I recently attended a very interesting talk, - Exploring the Impact of Artificial Intelligence: Prediction versus Judgment, - by University of Toronto professor Avi Goldfarb. The talk was based on recent research conducted with his UoT colleagues Ajay Agrawal and Joshua Gans. In addition to an in-depth paper aimed at a research audience, they’ve explained their work in two more general interest articles, one in the Harvard Business Review and the second in the MIT Sloan Management Review.
In their opinion, “the best way to assess the impact of radical technological change is to ask a fundamental question: How does the technology reduce costs? Only then can we really figure out how things might change.” For example, the semiconductor revolution can be viewed as being all about the dramatic reductions in the cost of arithmetic calculations. Before the advent of computers, arithmetic was done by humans with the aid of various kinds of devices, from the abacus to mechanical and electronic calculators.
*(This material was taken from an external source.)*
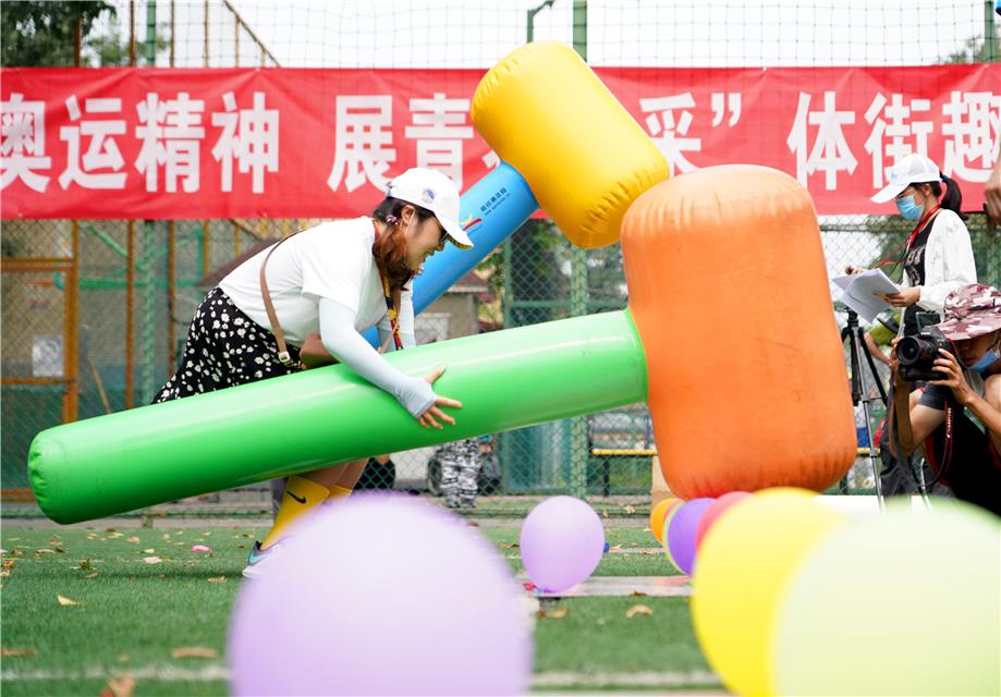 图为8月6日,北京市体育馆路街道正在举行青年趣味运动会。
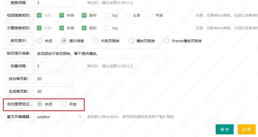 2.下图红框的地方就是后台登陆验证的开关 直接关闭即可。

Then came digital computers, which are essentially powerful calculators whose cost of arithmetic operations has precipitously decreased over the past several decades thanks to Moore’s Law. Over the years, we’ve learned to define all kinds of tasks in terms of such digital operations, e.g., inventory management, financial transactions, word processing, photography. Similarly, the economic value of the Internet revolution can be described as reducing the cost of communications and of search, thus enabling us to easily find and access all kinds of information, - including documents, pictures, music and videos.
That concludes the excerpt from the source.